** DATA FOR PROCESSING follows **

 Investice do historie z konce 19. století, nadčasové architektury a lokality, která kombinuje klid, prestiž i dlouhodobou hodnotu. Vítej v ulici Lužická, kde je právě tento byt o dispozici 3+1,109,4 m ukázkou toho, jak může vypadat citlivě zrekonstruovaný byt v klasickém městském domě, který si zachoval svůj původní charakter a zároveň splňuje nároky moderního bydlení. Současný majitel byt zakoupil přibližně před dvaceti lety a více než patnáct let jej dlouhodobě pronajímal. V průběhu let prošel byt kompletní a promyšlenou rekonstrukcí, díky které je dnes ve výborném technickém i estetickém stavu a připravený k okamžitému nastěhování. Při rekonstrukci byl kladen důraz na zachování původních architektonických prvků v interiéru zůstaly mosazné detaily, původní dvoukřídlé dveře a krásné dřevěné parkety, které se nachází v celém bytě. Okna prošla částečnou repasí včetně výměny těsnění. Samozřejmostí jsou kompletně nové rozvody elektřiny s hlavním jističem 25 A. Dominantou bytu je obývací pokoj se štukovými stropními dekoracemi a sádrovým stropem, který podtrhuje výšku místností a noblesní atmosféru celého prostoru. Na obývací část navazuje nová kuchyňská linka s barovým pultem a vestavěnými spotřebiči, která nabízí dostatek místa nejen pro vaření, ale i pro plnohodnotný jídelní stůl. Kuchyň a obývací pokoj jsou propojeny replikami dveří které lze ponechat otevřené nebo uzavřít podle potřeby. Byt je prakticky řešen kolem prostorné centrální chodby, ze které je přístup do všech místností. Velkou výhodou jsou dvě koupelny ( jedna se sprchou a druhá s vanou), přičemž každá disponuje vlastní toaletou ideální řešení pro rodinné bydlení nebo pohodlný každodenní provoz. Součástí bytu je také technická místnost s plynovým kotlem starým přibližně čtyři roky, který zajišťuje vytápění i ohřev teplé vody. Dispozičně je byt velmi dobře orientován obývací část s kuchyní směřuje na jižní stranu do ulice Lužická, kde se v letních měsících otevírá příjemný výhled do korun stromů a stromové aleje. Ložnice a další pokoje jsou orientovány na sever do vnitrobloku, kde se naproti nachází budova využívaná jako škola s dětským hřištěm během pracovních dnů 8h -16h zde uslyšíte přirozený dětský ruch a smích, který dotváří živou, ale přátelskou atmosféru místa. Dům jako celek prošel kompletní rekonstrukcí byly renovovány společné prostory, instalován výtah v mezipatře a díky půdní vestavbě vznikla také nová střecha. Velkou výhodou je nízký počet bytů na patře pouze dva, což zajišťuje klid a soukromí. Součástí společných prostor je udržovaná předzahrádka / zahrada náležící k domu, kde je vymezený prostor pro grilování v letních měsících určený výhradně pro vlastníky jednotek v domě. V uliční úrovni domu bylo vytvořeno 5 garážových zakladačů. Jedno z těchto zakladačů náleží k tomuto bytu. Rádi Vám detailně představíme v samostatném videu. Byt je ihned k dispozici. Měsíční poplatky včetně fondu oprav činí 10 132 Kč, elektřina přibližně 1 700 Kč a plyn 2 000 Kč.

** End of DATA FOR PROCESSING **
** DATA FOR PROCESSING follows **

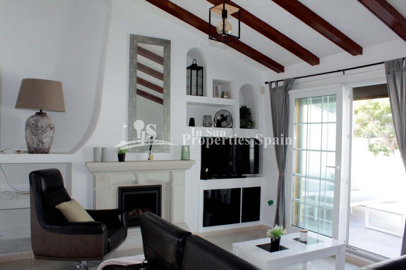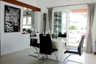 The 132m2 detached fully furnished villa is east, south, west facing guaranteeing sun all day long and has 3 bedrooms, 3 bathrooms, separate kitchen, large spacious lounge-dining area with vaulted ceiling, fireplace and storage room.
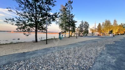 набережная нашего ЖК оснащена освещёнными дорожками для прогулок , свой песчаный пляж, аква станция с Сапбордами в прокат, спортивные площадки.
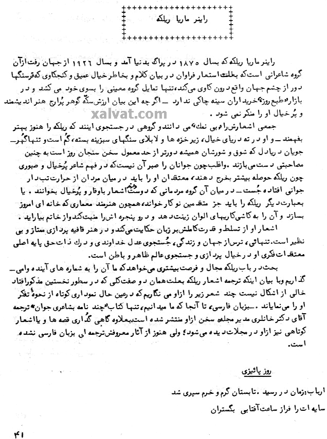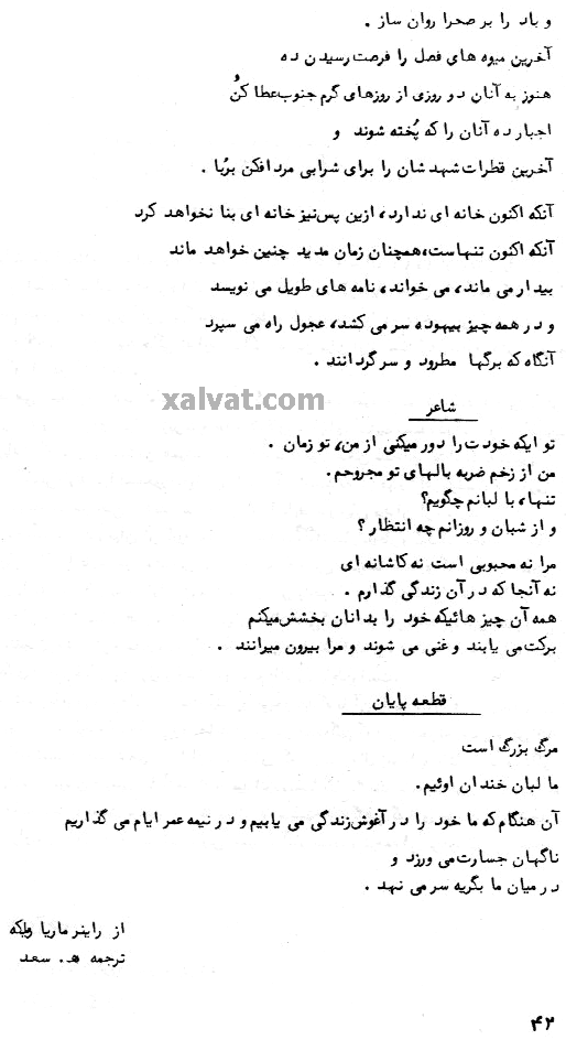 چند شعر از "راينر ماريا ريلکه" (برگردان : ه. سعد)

** End of DATA FOR PROCESSING **

WHAT YOU NEED TO DO:
The copy should hold only the lines from the one with "набережная нашего ЖК" through the one with "(برگردان : ه. سعد)", exactly as they stand above. Leave out the pictures.

ANSWER BOX:
 набережная нашего ЖК оснащена освещёнными дорожками для прогулок , свой песчаный пляж, аква станция с Сапбордами в прокат, спортивные площадки.
 چند شعر از "راينر ماريا ريلکه" (برگردان : ه. سعد)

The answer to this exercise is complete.